THE DATA:
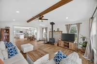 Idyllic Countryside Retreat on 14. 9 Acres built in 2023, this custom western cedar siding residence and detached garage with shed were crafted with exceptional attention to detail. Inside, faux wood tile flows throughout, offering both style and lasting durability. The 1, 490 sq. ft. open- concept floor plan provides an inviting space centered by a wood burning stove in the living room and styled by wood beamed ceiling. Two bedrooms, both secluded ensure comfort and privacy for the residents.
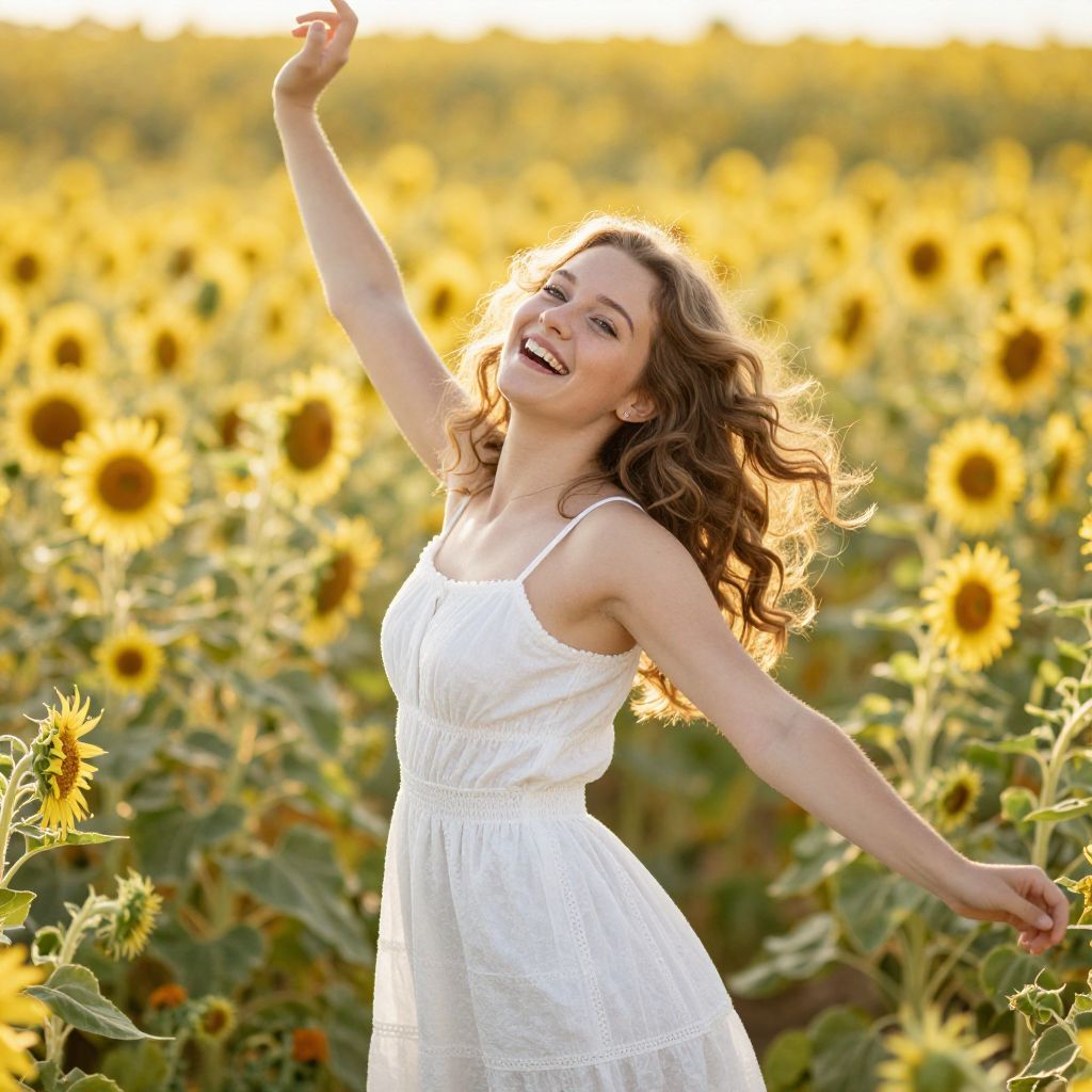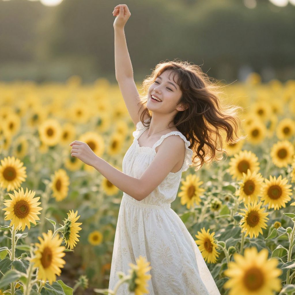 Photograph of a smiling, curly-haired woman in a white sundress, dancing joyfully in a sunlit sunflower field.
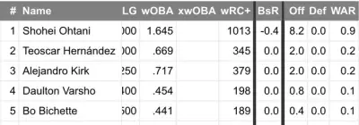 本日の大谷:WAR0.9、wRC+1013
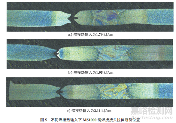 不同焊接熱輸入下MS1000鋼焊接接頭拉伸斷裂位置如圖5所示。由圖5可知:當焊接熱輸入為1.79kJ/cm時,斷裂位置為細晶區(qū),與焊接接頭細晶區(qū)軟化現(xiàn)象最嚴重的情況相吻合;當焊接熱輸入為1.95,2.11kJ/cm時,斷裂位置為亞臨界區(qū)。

WHAT TO DO: The answer is the whole listing retyped exactly, with pictures omitted.

RESPONSE TO THE TASK:
 Idyllic Countryside Retreat on 14. 9 Acres built in 2023, this custom western cedar siding residence and detached garage with shed were crafted with exceptional attention to detail. Inside, faux wood tile flows throughout, offering both style and lasting durability. The 1, 490 sq. ft. open- concept floor plan provides an inviting space centered by a wood burning stove in the living room and styled by wood beamed ceiling. Two bedrooms, both secluded ensure comfort and privacy for the residents.
 Photograph of a smiling, curly-haired woman in a white sundress, dancing joyfully in a sunlit sunflower field.
 本日の大谷:WAR0.9、wRC+1013
 不同焊接熱輸入下MS1000鋼焊接接頭拉伸斷裂位置如圖5所示。由圖5可知:當焊接熱輸入為1.79kJ/cm時,斷裂位置為細晶區(qū),與焊接接頭細晶區(qū)軟化現(xiàn)象最嚴重的情況相吻合;當焊接熱輸入為1.95,2.11kJ/cm時,斷裂位置為亞臨界區(qū)。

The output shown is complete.